Image Captioning Example #15

shiffman · 2017-11-03T19:40:15Z

There is interest in my A2Z class re: image captioning. I thought I would try to create a simple example modeled after the deeplearn.js imagenet that provides captions for a p5.Image as well as real-time captions of a recorded or live video. @cvalenzuela, just wanted to check whether I'd be duplicating anything you have already done? Will leave this thread open to discuss / plan.

The text was updated successfully, but these errors were encountered:

cvalenzuela · 2017-11-03T23:18:56Z

Nice! I haven't started anything with images yet.
Maybe porting this https://github.com/tensorflow/models/tree/master/research/im2txt will be interesting too!
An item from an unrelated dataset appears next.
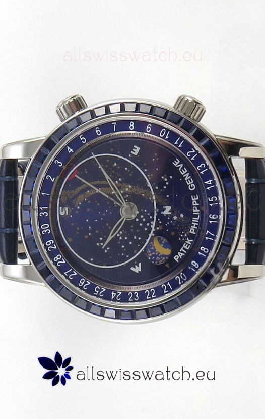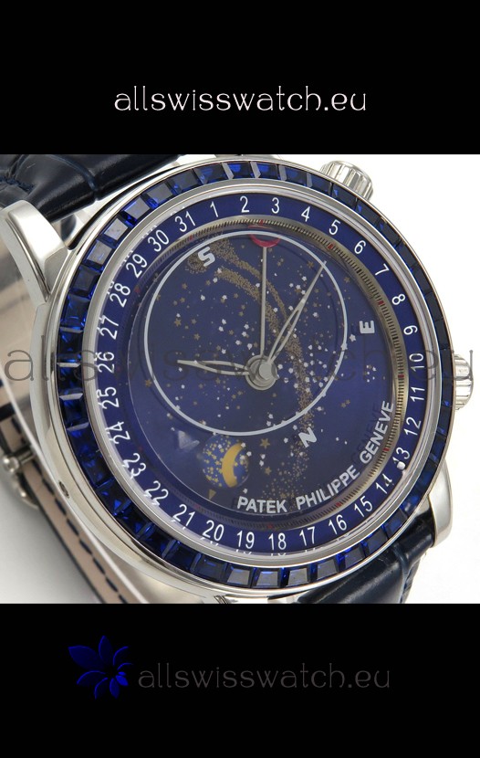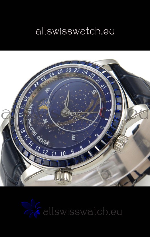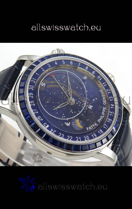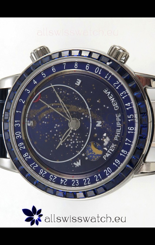 Blue Sky Moon Celestial Dial with Date Numerals around the Dial. Sapphires Bezel

cvalenzuela · 2017-11-09T00:12:23Z

This is now implemented using SqueezeNet

Here is a simple example
And here is another one with a webcam

Should we use different models?

shiffman · 2017-11-09T16:12:13Z

Yes, definitely! It also might be nice like with the LSTM examples to offer a README on how to train your own model. . . although ultimately if students want to train models for image classification, some transfer learning process will likely be more workable in terms of creative coding scenarios.

shiffman · 2017-11-11T23:58:31Z

I've been working on the ImageNet/SqueezeNet examples. I've changed the following:

predict() returns an array of classes sorted by probability
predict() takes an optional 3rd argument for number of classes to return

The main thing I'd like to work through now is how to make this simpler to use with p5.Element and/or p5.Image. As of now example code requires createImg() and setting width and height attributes. @cvalenzuela does it only work with square, odd number resolutions? I think it would be nice for the library to internally handle any resizing of the image as well as accept a variety of image inputs direct from p5.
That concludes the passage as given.